Clarkson Asia broker Andrew Bray said an auction in China for the steel hull of this vessel, which is similar in size to a very large crude carrier, would have to be extended beyond December 9 because of a lack of interest.
Other FPSO owners are fighting to stay afloat and looking to sell tankers include Nexus and Songa Floating Production, brokers said.
Nexus, which is majority-owned by BW Offshore, itself owned by tanker major BW, is trying to sell its newbuilding FPSO to oil companies as an alternative to a leasing it. Songa Floating Production has the 460,000-barrel, 1989-built Songa Annette idle and available.
“Companies are selling the conversion candidates to focus on cash. If all speculative tankers are sold then $100m will be lost by all of the FPSO market,” Mr Horsington said.

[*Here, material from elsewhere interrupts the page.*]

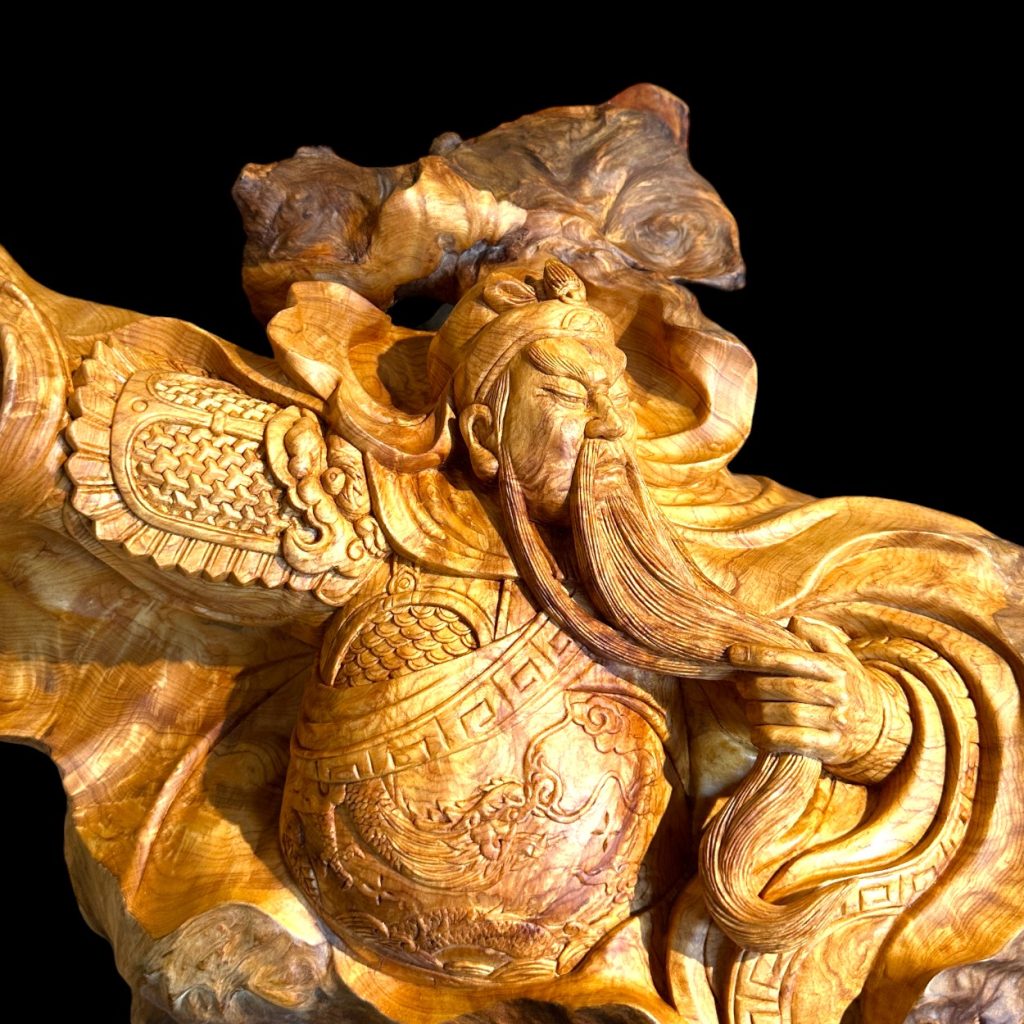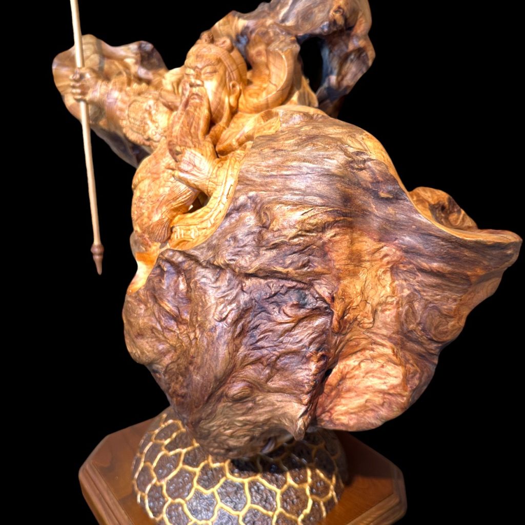 利用鳳尾瘤木空心特色展現關公忠義與智慧的精神力量。空心設計象徵無私、無我、永恆的忠義,彷彿關公跨越千年依然守護著勇氣與信念。這不僅是精美的藝術品,更是品味與文化的象徵,為您的家增添精神與格調的力量。
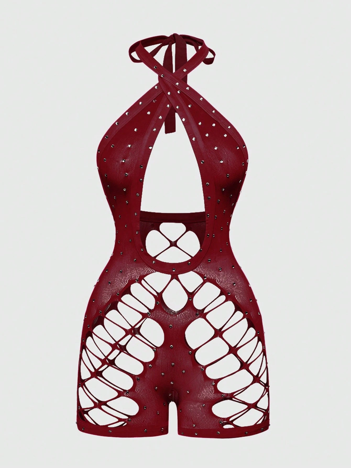 J-Fashion Sexy Glitter Rhinestoned Bodysuit For Women, Elastic Shining Y2K Music Festival Outfit

“FPSO stocks have been hammered far more than other sectors such as drilling, tankers and offshore support vessels. For example, Aker Floating Production lost 90% of its share value. So FPSO owners are looking more vulnerable.
“There has been a melt down in market capitalisation and the value of the entire FPSO [sector] is only $5bn. Half of this is SBM Offshore,” Mr Horsington said.
Glen Ole Rødland, director at Norwegian investor Ferncliff, said share prices had fallen between 60%-90%.
“The oil industry is profitable, but owning FPSOs is a losing game because the returns are too low and owners are over-estimating the value of their vessels. Returns are only 7%-9% and conversion projects capital expenditure is on average 20% over budget,” Mr Rødland said.
Mr Horsington said costs were rising and contract terms were so poor that day rates might not match capital expenditure of some FPSOs. When they are completed there could be $300m of assets waiting around for months for a contract.
Demand for FPSOs is set to fall in 2009 as tender processes are likely to be delayed.
“We are expecting to see an impact on mid-term bidding prospects. We have not seen any delays in tenders yet, but there is fear about what will happen on bids in the first quarter of 2009,” said Boyd Howell, a director with Japanese FPSO owner Modec.